Problem #9

First, for $p^{2}$ to have $3$ positive factors it must be the case that $p$ is prime, (the $3$ factors then being $1, p$ and $p^{2}$ ).

Next, for $12p + 1$ to have $3$ factors we must have that $12p + 1 = q^{2}$ where $q$ is prime. Now $p = 2$ gives us $12p + 1 = 25 = 5^{2}$ , and since $5$ is prime we have $p = 2$ as one solution.

For $p = 3$ we have $12p + 1 = 37$ which is not the square of a prime, (or of any number for that matter), so $3$ is not a solution.

Now suppose $p$ is any prime greater than $3$ , and that $12p + 1 = q^{2}$ for some prime $q$ , (also greater than $3$ ).

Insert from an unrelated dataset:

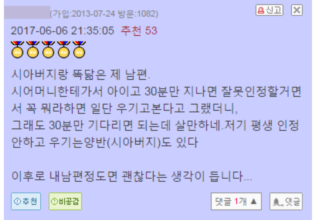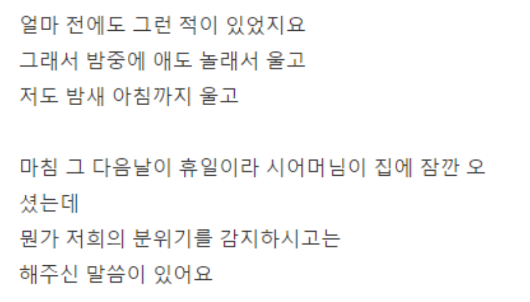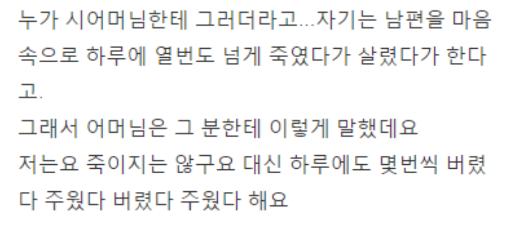 30년 넘는 부부 생활의 경험으로 위로를 해주는 시어머니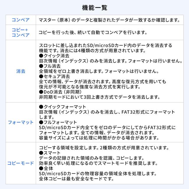 ●機能はコンペア、消去、フォーマットなどの機能があります。

Then $12p = q^{2} - 1 = (q - 1)(q + 1)$ . Now clearly $q$ will be odd so both $q - 1$ and $q + 1$ will be even and hence both divisible by $2$ . Also, since $q - 1$ and $q + 1$ are consecutive even numbers, one of them will be divisible by $4$ . Finally, since for any three consecutive integers one of them must be divisible by $3$ , one of $q - 1, q$ or $q + 1$ must be divisible by $3$ . But $q$ is a prime greater than $3$ so cannot be divisible by $3$ , and thus one of $q - 1$ or $q + 1$ must be divisible by $3$ .

This implies that $(q - 1)(q + 1)$ is divisible by $2*4*3 = 24$ , i.e., that $(q - 1)(q + 1) = 24n$ for some integer $n$ , and so $12p = 24n \Longrightarrow p = 2n$ . But we assumed that $p$ was a prime greater than $3$ and hence cannot be divisible by $2$ . We thus have a contradiction, implying that no prime greater than $3$ can be a solution to this problem.

We are thus left with $p = 2$ as the only solution to this problem, and the desired sum is just $\boxed{2}$ .